◆ Extracted data

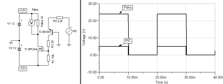 Hello! Azért kell a teljes rajz, mert ha Te valamit a +-12V-ról járatsz, és a Fet forrása a -12V-on van, akkor nem csoda ha nem kapcsol ki. Hiszen a -12V-hoz képest a GND már +12V-on van, Ha meg a PIC magas jelet ad ki, akkor meg már +17V a GS feszültség. Vagy is itt valami nem stimmel..
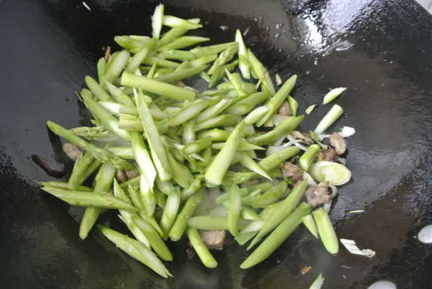 Negro ajo salteado de espárragos (3 / 4 paso)
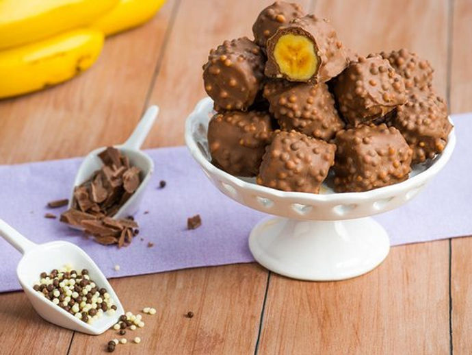 Ingredientes Para a receita Banana Crocante 350 g chocolate ao leite 1 pacote de Confeito Choc Bolinha 6 unidades bananas.papel manteiga...
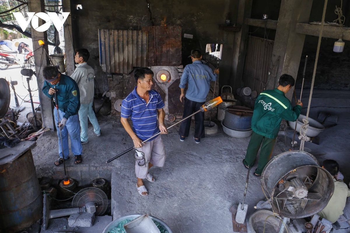 | Xoi Tri village is located in Nam Dinh province and is a famous place for traditional glass blowing work techniques as locals constantly make fire, thereby creating glass products. |
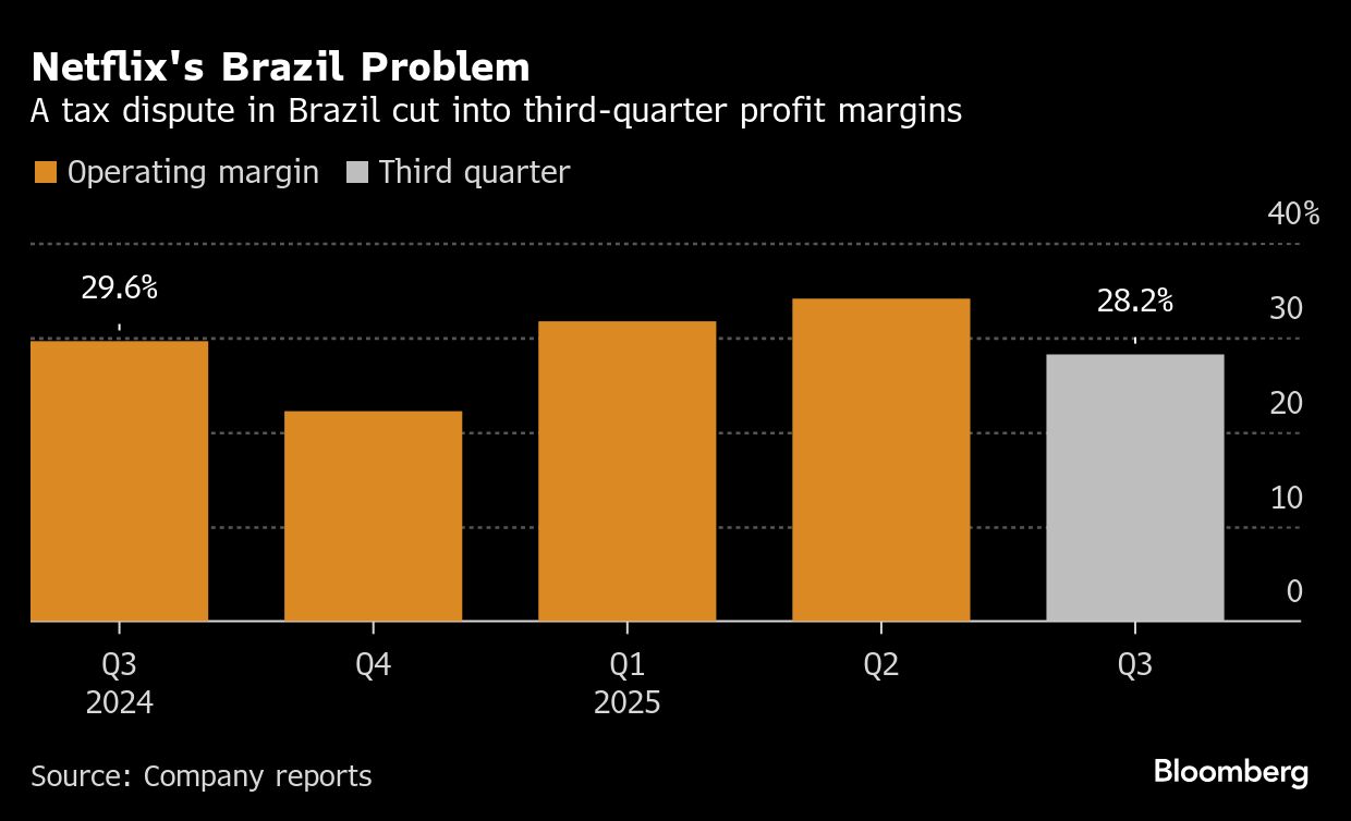 Netflix Inc. said a tax dispute with Brazil cut into third-quarter earnings, marring results that otherwise fell in line with Wall Street estimates.
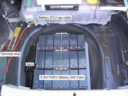 PHEV BATTERY: . The primary purpose of the PHEV battery in this conversion is not so much to guarantee longer range on electric alone, but to have a place to safely put the solar power without any risk of overcharging or over cycling the original Toyota HV battery. . The photo at right shows my added 9 Amp-Hour cells in the wheel well prior to being wired together in series.
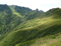 Panorama sull'alpeggio Corte Cima di Pozzolo dal rifugio San Jorio con la strada percorsa per l'ascesa
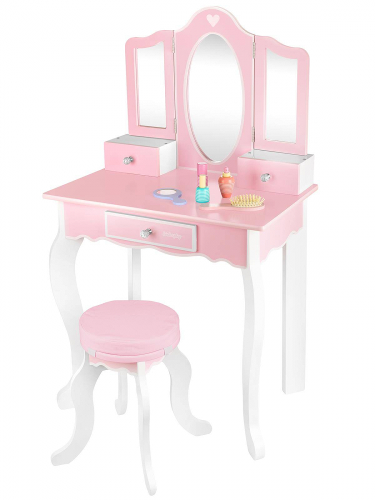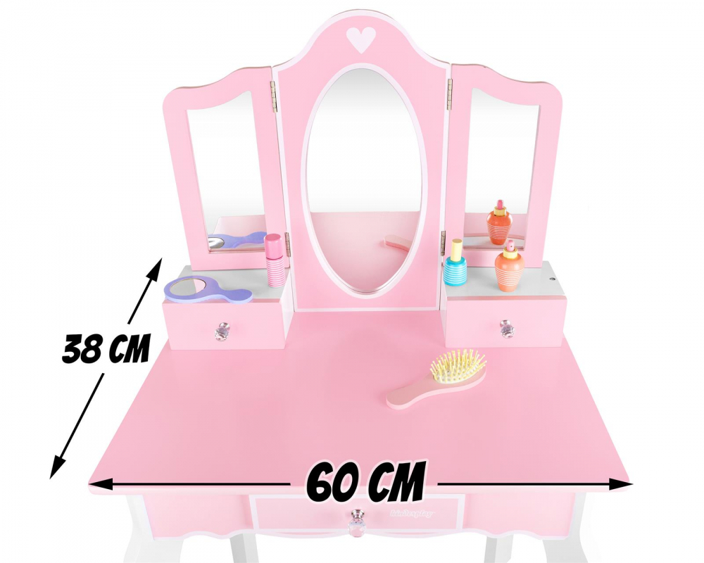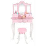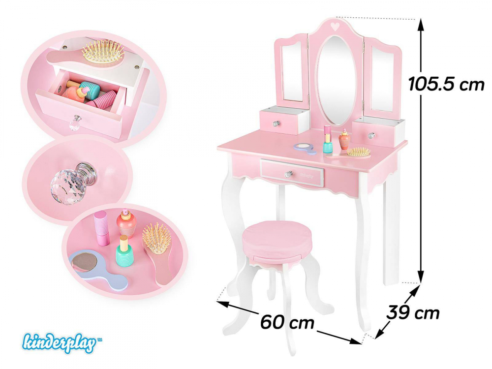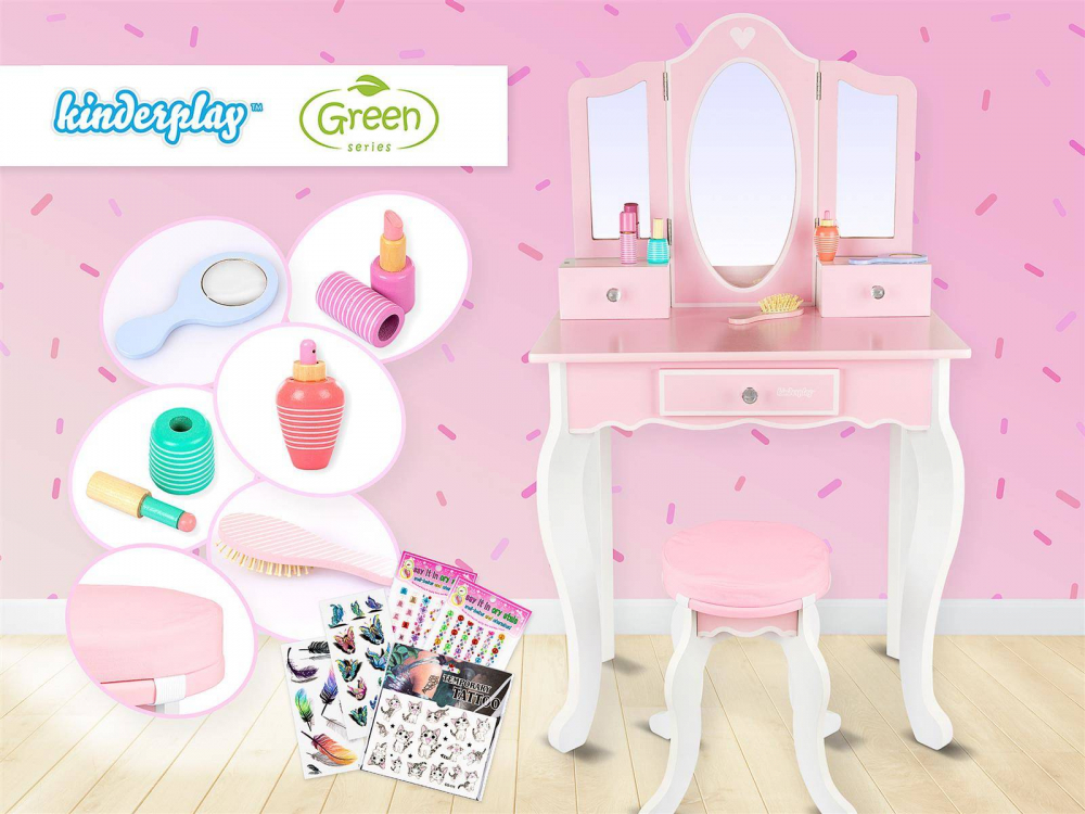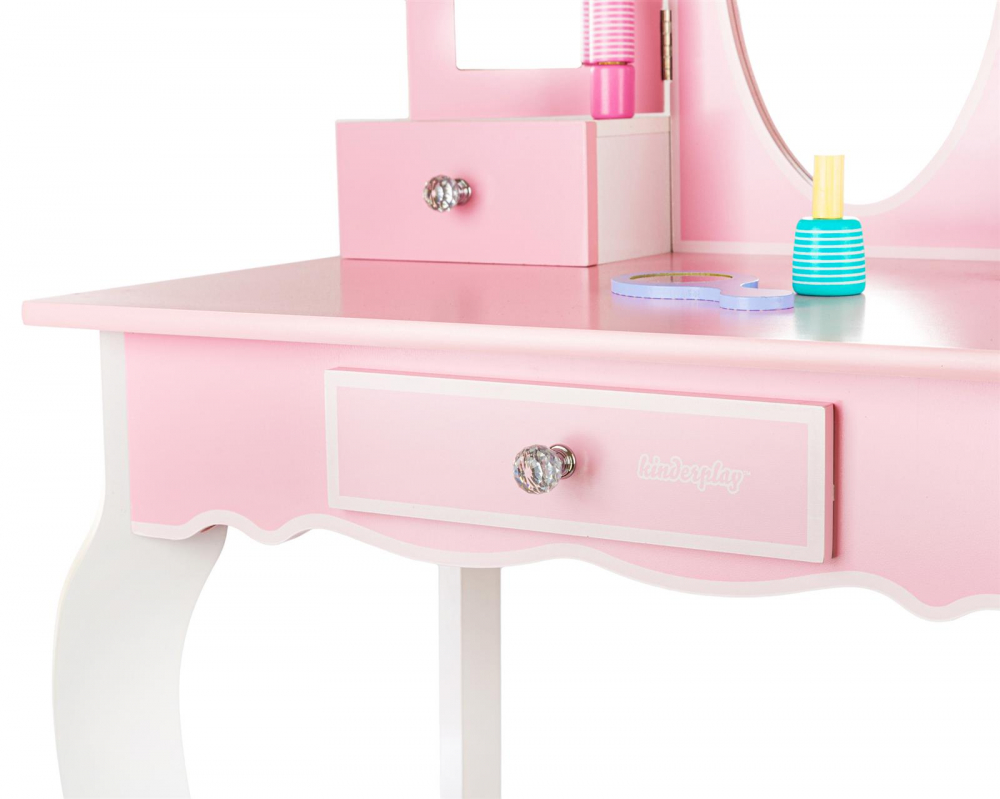 Masuta de toaleta cu structura din lemn pentru copii, Kinderplay, cu oglinzi sigure din plexiglas, scaunel cu perna si accesorii esentiale incluse, 60 x 38 x 105.5 cm Pink

◆ Brief
Write every record out again exactly; no pictures belong in the copy.

◆ Task result
 Hello! Azért kell a teljes rajz, mert ha Te valamit a +-12V-ról járatsz, és a Fet forrása a -12V-on van, akkor nem csoda ha nem kapcsol ki. Hiszen a -12V-hoz képest a GND már +12V-on van, Ha meg a PIC magas jelet ad ki, akkor meg már +17V a GS feszültség. Vagy is itt valami nem stimmel..
 Negro ajo salteado de espárragos (3 / 4 paso)
 Ingredientes Para a receita Banana Crocante 350 g chocolate ao leite 1 pacote de Confeito Choc Bolinha 6 unidades bananas.papel manteiga...
 | Xoi Tri village is located in Nam Dinh province and is a famous place for traditional glass blowing work techniques as locals constantly make fire, thereby creating glass products. |
 Netflix Inc. said a tax dispute with Brazil cut into third-quarter earnings, marring results that otherwise fell in line with Wall Street estimates.
 PHEV BATTERY: . The primary purpose of the PHEV battery in this conversion is not so much to guarantee longer range on electric alone, but to have a place to safely put the solar power without any risk of overcharging or over cycling the original Toyota HV battery. . The photo at right shows my added 9 Amp-Hour cells in the wheel well prior to being wired together in series.
 Panorama sull'alpeggio Corte Cima di Pozzolo dal rifugio San Jorio con la strada percorsa per l'ascesa
 Masuta de toaleta cu structura din lemn pentru copii, Kinderplay, cu oglinzi sigure din plexiglas, scaunel cu perna si accesorii esentiale incluse, 60 x 38 x 105.5 cm Pink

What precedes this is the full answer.